**ENTRIES PROVIDED**
—————

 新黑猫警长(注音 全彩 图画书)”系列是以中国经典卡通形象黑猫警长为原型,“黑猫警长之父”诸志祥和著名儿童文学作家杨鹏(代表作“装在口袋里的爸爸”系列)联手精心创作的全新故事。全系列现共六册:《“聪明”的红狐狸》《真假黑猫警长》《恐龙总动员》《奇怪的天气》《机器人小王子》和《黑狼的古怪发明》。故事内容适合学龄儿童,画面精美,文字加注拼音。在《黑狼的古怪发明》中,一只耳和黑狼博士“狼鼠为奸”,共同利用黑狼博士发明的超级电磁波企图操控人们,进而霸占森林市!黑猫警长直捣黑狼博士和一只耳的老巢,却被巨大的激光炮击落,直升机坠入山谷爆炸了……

—————

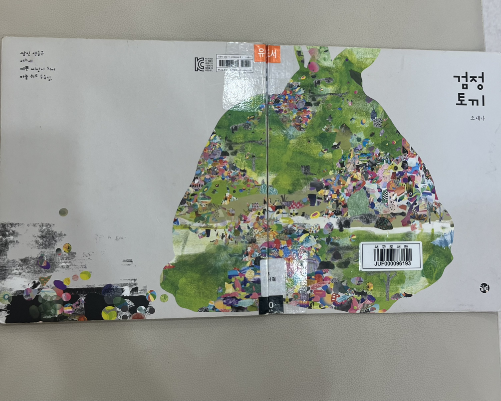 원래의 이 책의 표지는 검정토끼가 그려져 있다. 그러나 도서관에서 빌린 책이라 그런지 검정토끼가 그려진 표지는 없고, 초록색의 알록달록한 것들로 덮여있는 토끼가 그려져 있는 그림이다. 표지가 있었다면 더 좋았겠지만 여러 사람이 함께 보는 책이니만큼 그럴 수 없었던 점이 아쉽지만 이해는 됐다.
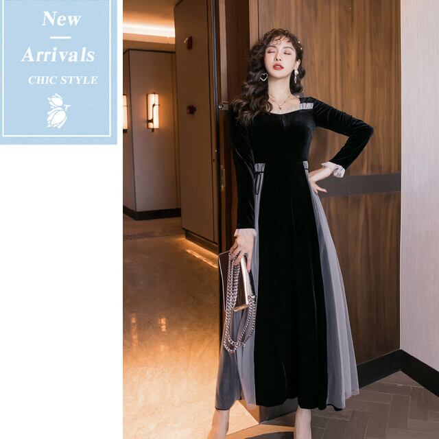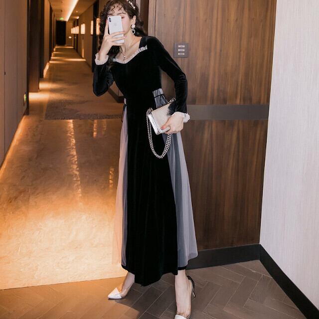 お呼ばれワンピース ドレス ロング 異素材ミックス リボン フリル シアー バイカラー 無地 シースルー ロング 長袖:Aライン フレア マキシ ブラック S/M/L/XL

—————

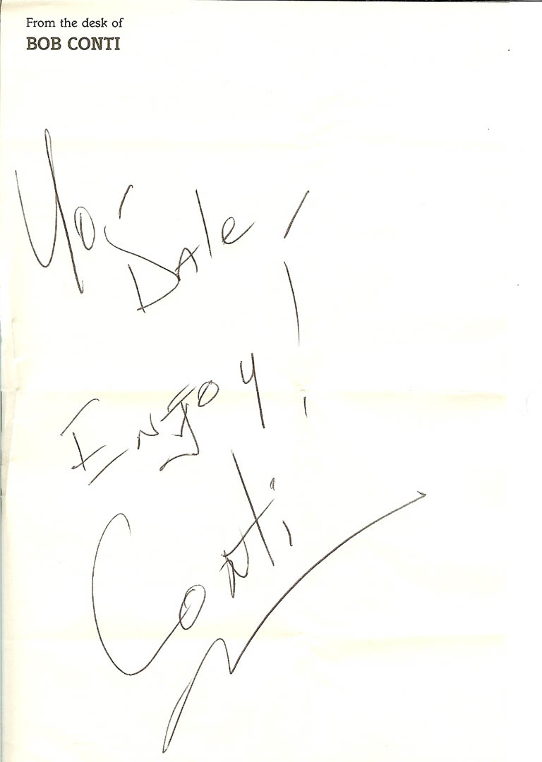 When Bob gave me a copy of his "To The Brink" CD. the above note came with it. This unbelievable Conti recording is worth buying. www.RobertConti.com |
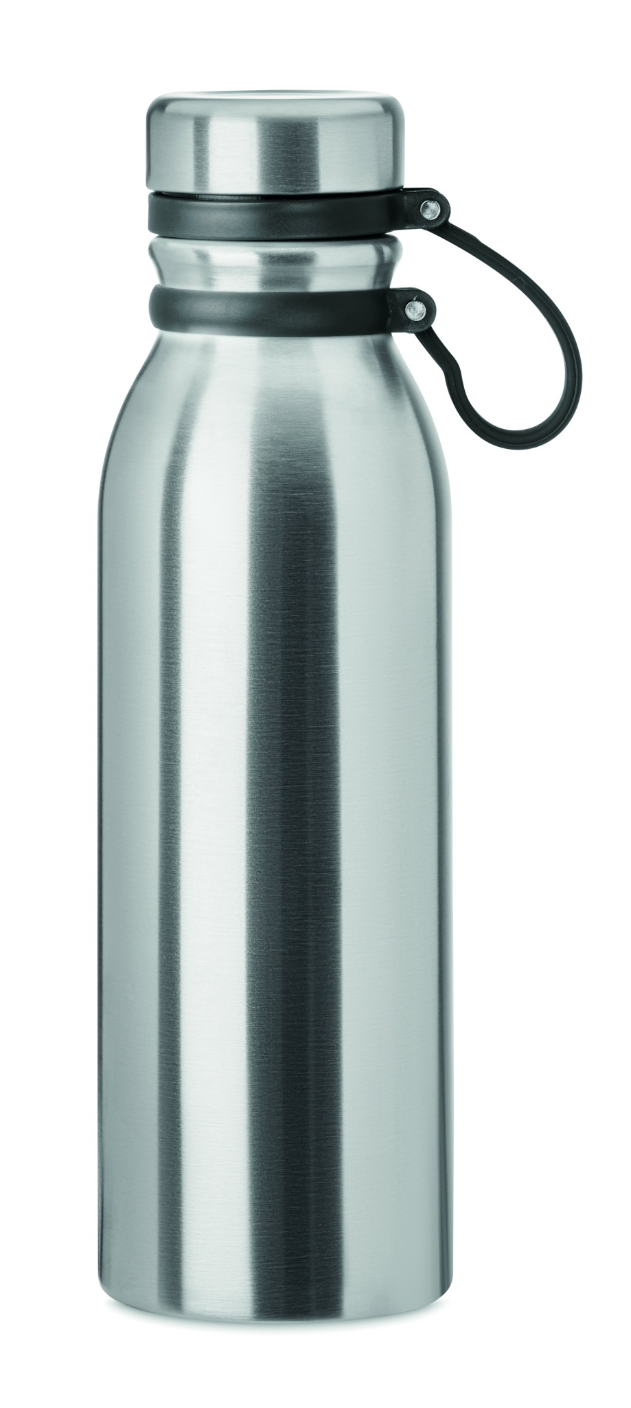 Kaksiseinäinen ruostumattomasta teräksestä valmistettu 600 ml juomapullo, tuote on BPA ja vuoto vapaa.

—————

**ACTION ITEM**
From the listing above, please give again the lines that begin with the line holding "원래의 이 책의 표지는" and go on through the line holding "お呼ばれワンピース ドレス ロング", exactly, both ends included, minus any picture.

**PROBLEM SOLUTION**
 원래의 이 책의 표지는 검정토끼가 그려져 있다. 그러나 도서관에서 빌린 책이라 그런지 검정토끼가 그려진 표지는 없고, 초록색의 알록달록한 것들로 덮여있는 토끼가 그려져 있는 그림이다. 표지가 있었다면 더 좋았겠지만 여러 사람이 함께 보는 책이니만큼 그럴 수 없었던 점이 아쉽지만 이해는 됐다.
 お呼ばれワンピース ドレス ロング 異素材ミックス リボン フリル シアー バイカラー 無地 シースルー ロング 長袖:Aライン フレア マキシ ブラック S/M/L/XL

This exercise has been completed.